▶ [Exercise aim]:
For this exercise, retype the lines from the one that holds "Vestido amplio sin" through the one that holds "Плюшеая капибара с" in the records below, both included, exactly and without pictures.

▶ [Data]:
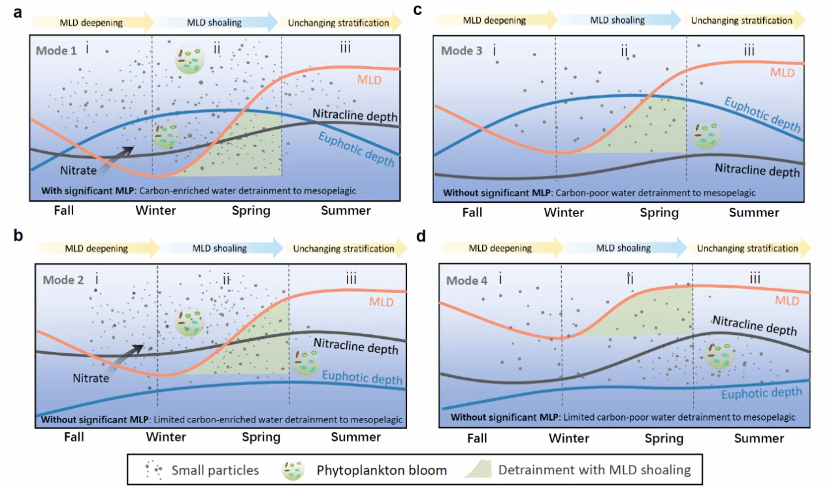 综合分析发现,有效的季节性混合层泵需满足三项关键条件:(1) 有明显的季节性混合层变化;(2) 混合层加深阶段能带入营养盐,促进初级生产;(3) 混合层变浅阶段能将富POC水体输送至弱光层。
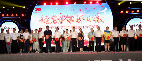 为大力弘扬“敬佑生命、救死扶伤、甘于奉献、大爱无疆”的崇高职业精神,表彰平江县优秀医务工作者,树立典型。8月18日晚,由县卫健局主办、县第五人民医院承办的“健康护航奔小康”2019平江县第二个中国医师节颁奖典礼在南江镇举行,副县长潘如意,县政府办副主任王永祥,卫健局局长赵取平,南江镇党委书记李三军,镇长李凌志,卫健局副局长胡顺怡、叶然龙、周福泉、汪小蛟、李中元、邓劲松,派驻纪检书记江治出席活动,卫健系统各单位代表共1000余人参加活动。
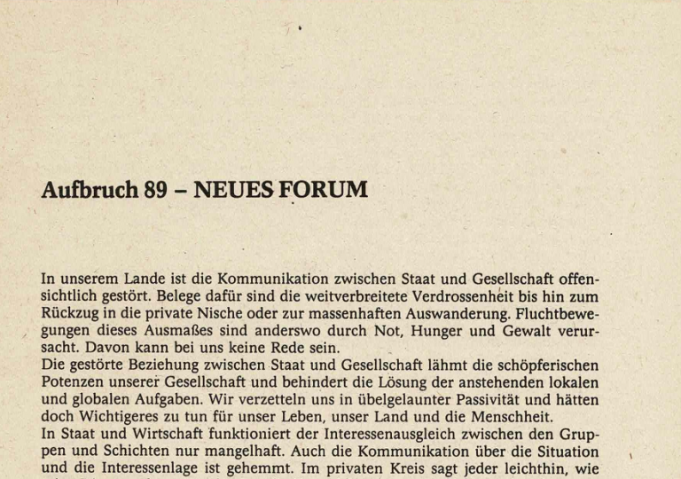09 September 1989 Aufbruch '89 - Neues Forum Aubruch '89 - NEUES FORUM In unserem Lande ist die Kommunikation zwischen Staat und Gesellschaft …
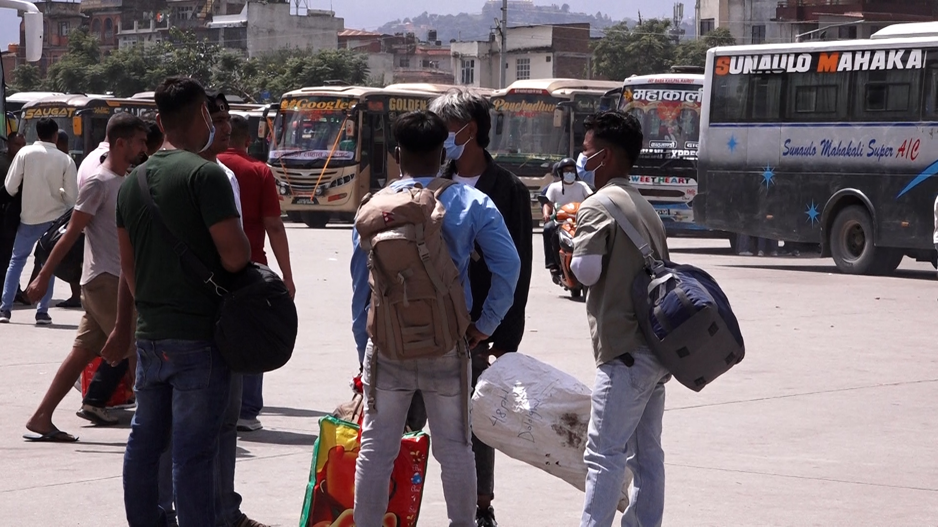 कतिले झोला भिरेका छन्, कतिले पिठ्यूमा बालबच्चा च्यापेका छन्, तिनको मुहारमा छुट्टै आशा र उमंग देखिन्छ गाउँ पुग्ने र आफ्नो परिवारसँग दशैं मनाउने ।
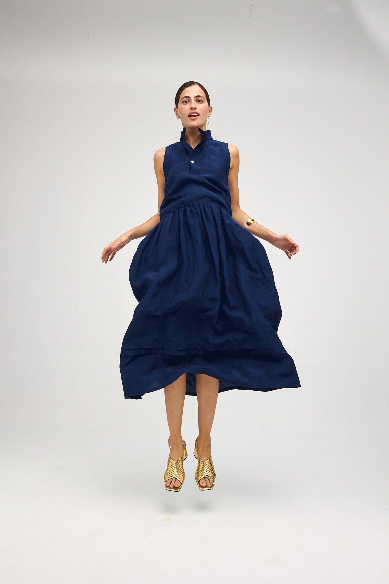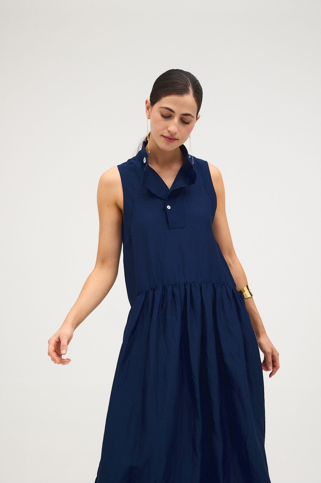 Vestido amplio sin mangas con corte a la cadera. Presenta una tapeta asimétrica y un cuello alto que resulta muy favorecedor tanto abierto como cerrado. La falda, con mucho volumen gracias al frunce y al evasé, tiene dos jaretones y bolsillos.
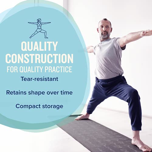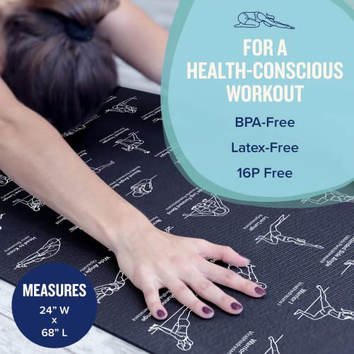 NewMe Fitness yoga mat for men & women. Large 68″, 5mm thick, non-slip, with 70 printed poses for Pilates, yoga, & home workouts.
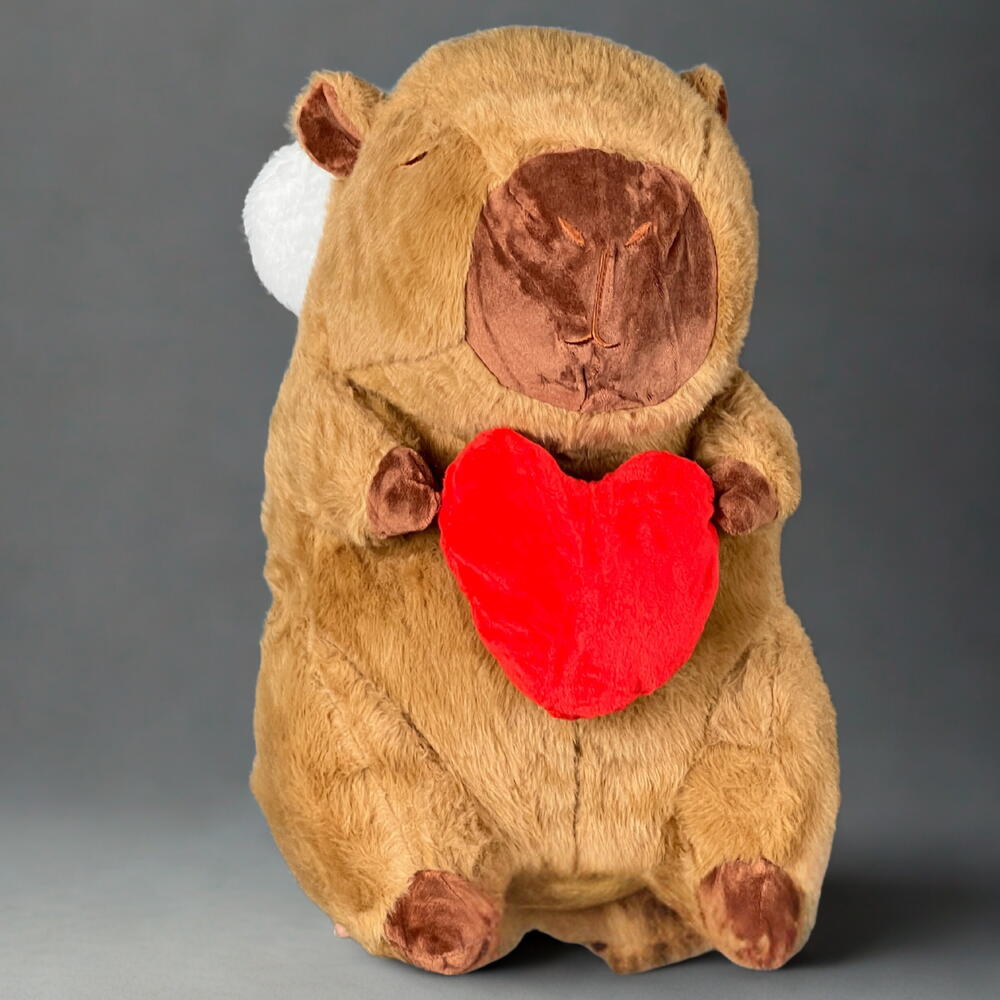 Плюшеая капибара с красным сердцем — символ внимания и тёплых чувств. Отлично дополняет цветочную композицию или подходит как самостоятельный знак заботы.
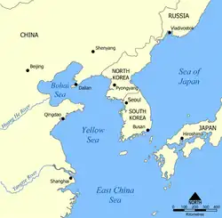 The Bohai Sea is enclosed by three provinces and one direct-administered municipality from three different regions of China—Liaoning Province (of Northeast China), Hebei Province and Tianjin Municipality (of North China), and Shandong Province (of East China). It is the center of the Bohai Economic Rim, and its proximity to the Chinese capital of Beijing and the municipality of Tianjin makes it one of the busiest seaways in the world. The entrance to the Bohai Sea is considered a part of the territorial sea of the People's Republic of China due to the presence of the Miaodao islands.[3][4] China declared the Bohai sea to be part of its inland waters in 1958.[5]
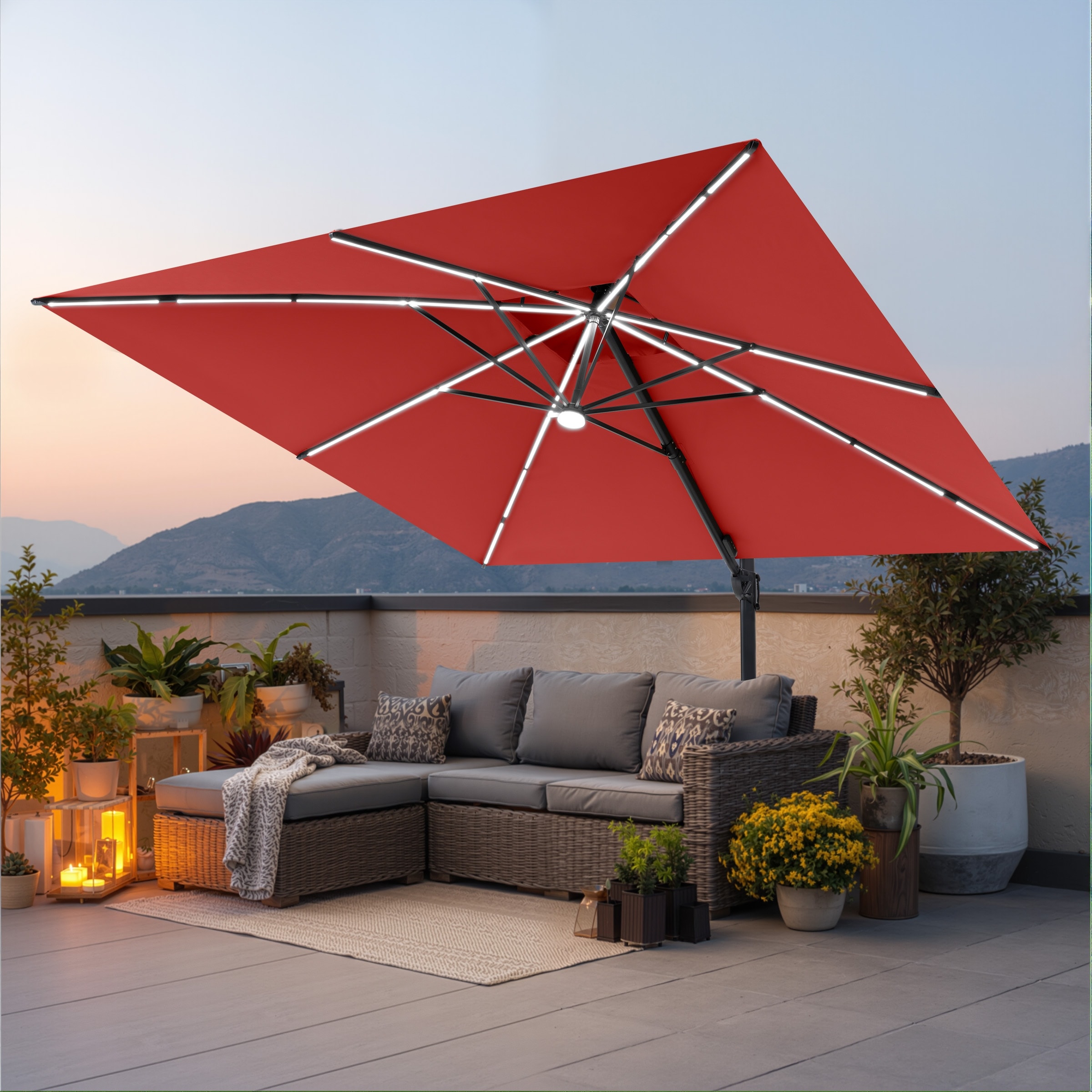 This 11x11 ft solar-powered cantilever umbrella not only provides excellent shade but also offers illumination at night. The double-layer canopy design enhances air circulation, while the crank handle allows for easy tilt adjustment.

▶ [Response to the exercise]:
 Vestido amplio sin mangas con corte a la cadera. Presenta una tapeta asimétrica y un cuello alto que resulta muy favorecedor tanto abierto como cerrado. La falda, con mucho volumen gracias al frunce y al evasé, tiene dos jaretones y bolsillos.
 NewMe Fitness yoga mat for men & women. Large 68″, 5mm thick, non-slip, with 70 printed poses for Pilates, yoga, & home workouts.
 Плюшеая капибара с красным сердцем — символ внимания и тёплых чувств. Отлично дополняет цветочную композицию или подходит как самостоятельный знак заботы.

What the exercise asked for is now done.